┏━━

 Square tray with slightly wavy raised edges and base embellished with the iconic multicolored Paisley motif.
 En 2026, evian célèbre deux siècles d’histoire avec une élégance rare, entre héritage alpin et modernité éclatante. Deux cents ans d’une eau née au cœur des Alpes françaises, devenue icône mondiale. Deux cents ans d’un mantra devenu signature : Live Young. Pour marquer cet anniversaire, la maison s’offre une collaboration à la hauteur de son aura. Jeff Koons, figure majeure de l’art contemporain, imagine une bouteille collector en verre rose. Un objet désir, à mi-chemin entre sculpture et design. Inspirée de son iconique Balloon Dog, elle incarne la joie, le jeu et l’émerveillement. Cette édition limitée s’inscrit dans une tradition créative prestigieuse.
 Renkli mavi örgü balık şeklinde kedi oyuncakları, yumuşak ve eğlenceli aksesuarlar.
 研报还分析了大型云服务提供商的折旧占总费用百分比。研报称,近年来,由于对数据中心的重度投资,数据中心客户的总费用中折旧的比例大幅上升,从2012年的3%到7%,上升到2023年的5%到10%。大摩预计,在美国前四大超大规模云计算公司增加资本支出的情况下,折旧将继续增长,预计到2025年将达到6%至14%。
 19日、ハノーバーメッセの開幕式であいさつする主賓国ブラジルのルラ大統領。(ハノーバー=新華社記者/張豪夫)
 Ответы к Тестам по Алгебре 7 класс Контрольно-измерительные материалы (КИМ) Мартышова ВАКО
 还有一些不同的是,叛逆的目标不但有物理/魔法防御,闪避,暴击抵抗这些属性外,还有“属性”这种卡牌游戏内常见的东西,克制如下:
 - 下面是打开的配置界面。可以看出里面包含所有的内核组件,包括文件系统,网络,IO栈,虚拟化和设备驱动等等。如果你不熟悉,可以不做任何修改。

┗━━
┏━━

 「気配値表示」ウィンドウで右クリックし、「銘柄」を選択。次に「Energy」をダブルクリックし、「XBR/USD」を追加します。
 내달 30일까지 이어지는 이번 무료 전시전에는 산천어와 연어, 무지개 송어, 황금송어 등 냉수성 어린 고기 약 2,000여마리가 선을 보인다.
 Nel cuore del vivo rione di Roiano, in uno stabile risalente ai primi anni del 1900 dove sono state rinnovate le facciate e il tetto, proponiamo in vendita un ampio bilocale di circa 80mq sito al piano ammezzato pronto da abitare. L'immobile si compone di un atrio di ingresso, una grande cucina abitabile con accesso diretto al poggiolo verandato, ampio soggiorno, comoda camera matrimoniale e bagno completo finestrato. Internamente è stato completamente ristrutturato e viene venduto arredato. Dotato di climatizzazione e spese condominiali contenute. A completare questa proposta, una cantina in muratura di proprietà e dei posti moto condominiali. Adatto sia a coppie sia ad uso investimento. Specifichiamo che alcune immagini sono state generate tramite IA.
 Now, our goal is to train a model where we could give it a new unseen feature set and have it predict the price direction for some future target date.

┗━━

● **Task**
Output the lines of the records above exactly as they appear, from the line containing "Ответы к Тестам" through the line containing "- 下面是打开的配置界面。可".

● **Task answer**
 Ответы к Тестам по Алгебре 7 класс Контрольно-измерительные материалы (КИМ) Мартышова ВАКО
 还有一些不同的是,叛逆的目标不但有物理/魔法防御,闪避,暴击抵抗这些属性外,还有“属性”这种卡牌游戏内常见的东西,克制如下:
 - 下面是打开的配置界面。可以看出里面包含所有的内核组件,包括文件系统,网络,IO栈,虚拟化和设备驱动等等。如果你不熟悉,可以不做任何修改。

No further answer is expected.